> DIRECTIONS:
Where a picture appears, leave it out, and transcribe all the lines below exactly.

> SOURCE DATA:
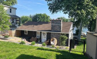 This charming lakefront retreat offers a seamless blend of rustic charm and modern comfort. As you step through the door, be greeted by the warm embrace of natural light dancing through the windows, illuminating the cozy interior with its inviting ambiance. Picturesque windows offer an up-close and personal view of the lake—so close to the clock tower, you can hear the chime of the bells!
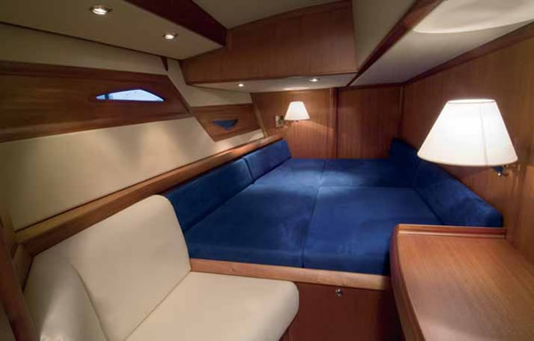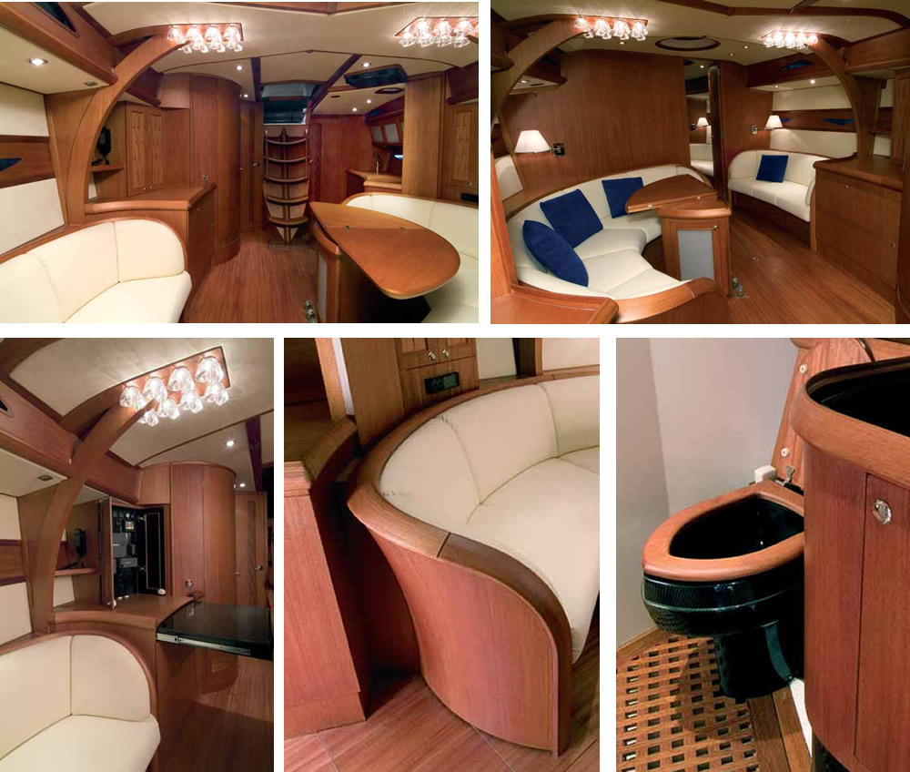 Аристократизм интерьера ощущается во всем: в диванах, форма которых напоминает бутон тюльпана, в отделке бортовых зашивок и подволоков, в раскладном столе-баре, который мог бы стать украшением кабинета в солидном доме. Изящные «комод» и шкафчик маскируют штурманское место: достаточно выдвинуть штурманский стол из-под столешницы и открыть дверцы шкафа, и перед вами - пост управления яхтой.
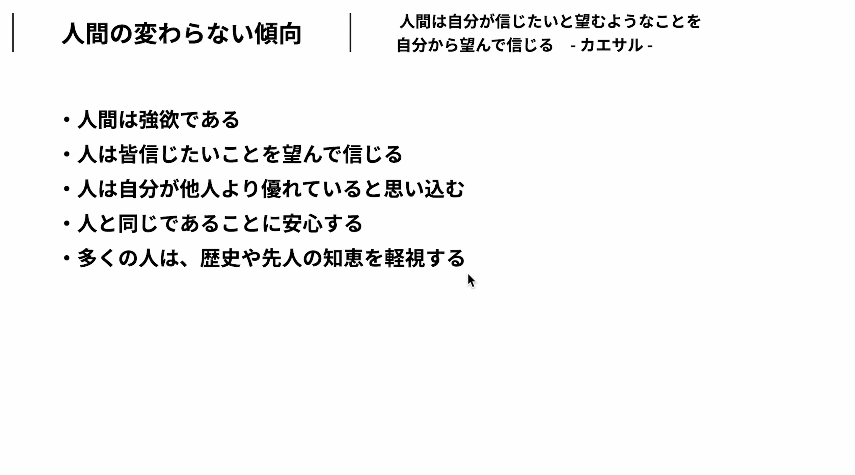 そしてその下、人間はみんな、信じたいことを望んで信じるなと思います。(ガイウス・ユリウス・)カエサルですね。2000年以上前に言われた言葉ですが、「人間は自分が信じたいと望むようなことを自分から望んで信じる」と言っているとおり、これは行動計画学では「確証バイアス」とかって言われますね。

> TASK SOLUTION:
 This charming lakefront retreat offers a seamless blend of rustic charm and modern comfort. As you step through the door, be greeted by the warm embrace of natural light dancing through the windows, illuminating the cozy interior with its inviting ambiance. Picturesque windows offer an up-close and personal view of the lake—so close to the clock tower, you can hear the chime of the bells!
 Аристократизм интерьера ощущается во всем: в диванах, форма которых напоминает бутон тюльпана, в отделке бортовых зашивок и подволоков, в раскладном столе-баре, который мог бы стать украшением кабинета в солидном доме. Изящные «комод» и шкафчик маскируют штурманское место: достаточно выдвинуть штурманский стол из-под столешницы и открыть дверцы шкафа, и перед вами - пост управления яхтой.
 そしてその下、人間はみんな、信じたいことを望んで信じるなと思います。(ガイウス・ユリウス・)カエサルですね。2000年以上前に言われた言葉ですが、「人間は自分が信じたいと望むようなことを自分から望んで信じる」と言っているとおり、これは行動計画学では「確証バイアス」とかって言われますね。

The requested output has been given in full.